For the fry experiment, four different salinity treatments were prepared by mixing seawater and freshwater. Salinity was determined by means of a refractometer. Treatments comprised 0 (fresh water), 5, 10 and 20psu (Practical Salinity Unit) in duplicate 200L recirculating tanks with a stocking density of 100 fish per tank at an average size of 0.3g (with an estimated fork length (FL) of 21-25 mm) and an age of 42 days. The fry were fed at 10% biomass per day with commercial dry pellet, NRD 5/8 (500-800µm) (INVE Thailand Company Ltd.) with a proximate composition of moisture 8%, protein >55%, fiber < 1.9% and ash <14.5%, as given by the manufacturer. Fry were reared for 14 days.
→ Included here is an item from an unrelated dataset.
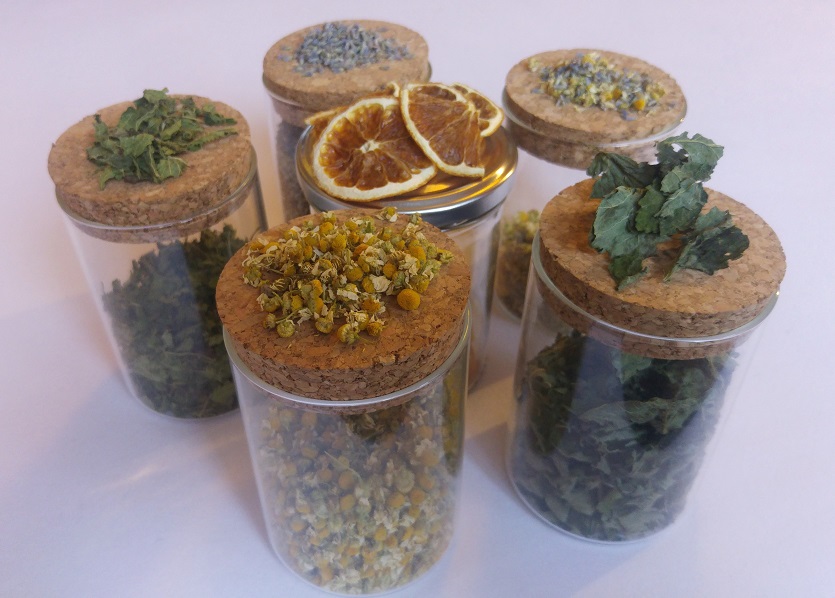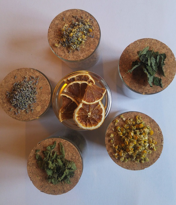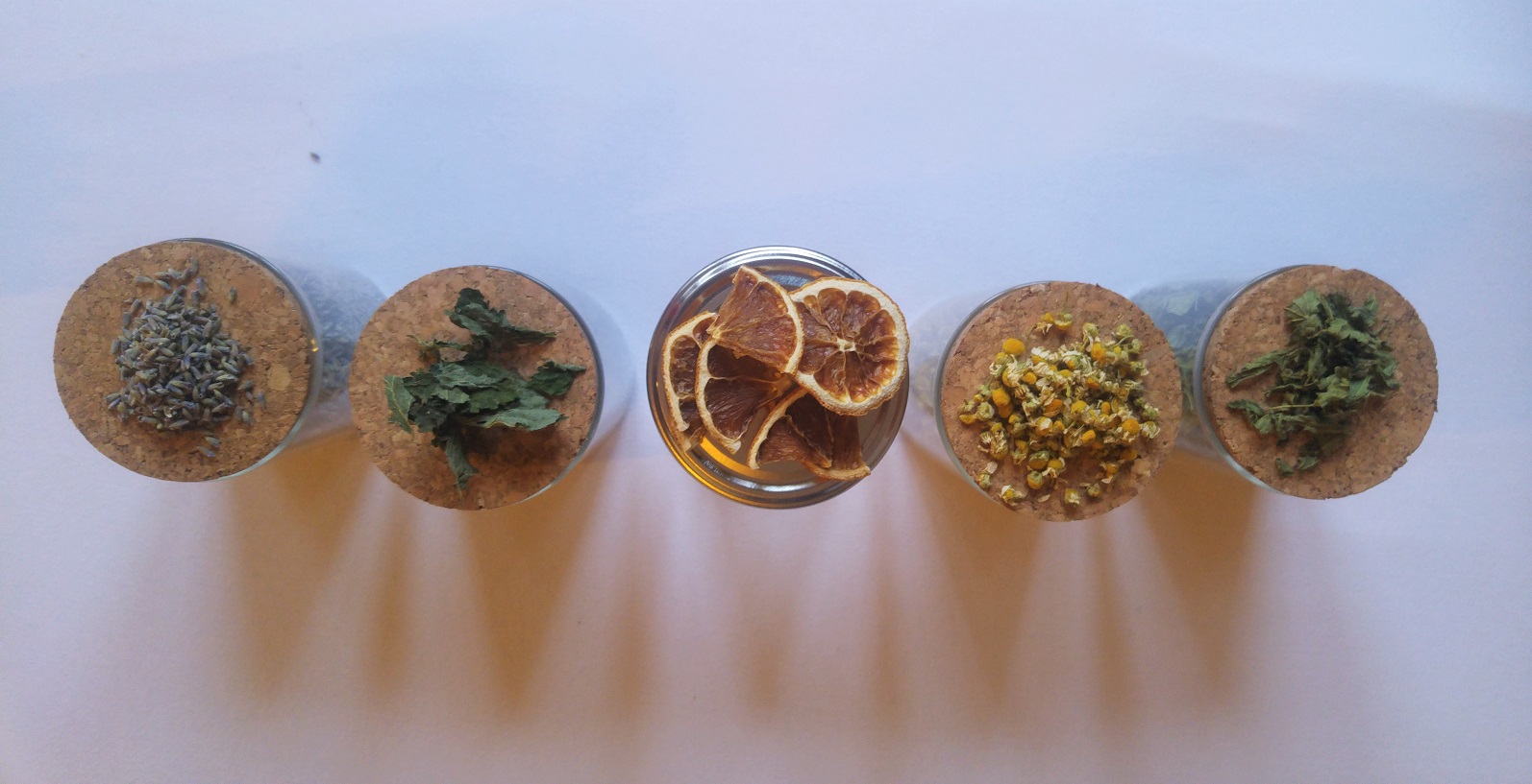 Kamomillaa, sitruunamelissaa, nokkosta, laventelia ja kuivattua appelsiinia teemukiin.

In the fingerling experiment, a complete randomized design was used with 3 treatments and 3 replicates in nine independent recirculating tanks. The salinities of the treatments were 10, 20 and 30psu, respectively. Ten fingerlings were distributed to each tank with a stocking density equivalent to 50 fingerlings per m3 and were acclimatised for 1 week. The fish were fed to satiation with a commercial dry pellet Ocialis C1 (Ocialis-BERNAQUA ASIA, Ho Chi Minh, Vietnam). The proximate composition (provided by the manufacturer) was moisture 14, crude protein 58% (min), digestible protein 55% (min), metabolisable energy 5000 kcal/kg (min), crude fiber 1%, calcium 1.5-2.5% lysine 3.2%, cys+met 2% (min). Fingerlings were reared for 56 days.
In the fry experiment, weight was measured by weighing the whole tank population (all 100 fish from each tank) and individual weight was estimated by dividing the total weight with number of individuals. Length was measured by random selection of a subsample (n = 10) from each tank to minimise handling stress and physical damage to fine structures in small animals
In the fingerling experiment, individual body weight and total length of all fish in each tank were measured on days 14, 28, 42 and day 56 and the average daily weight gain was calculated as SGR. Total feed eaten and uneaten were recorded and the feed conversion ratio (FCR) was calculated.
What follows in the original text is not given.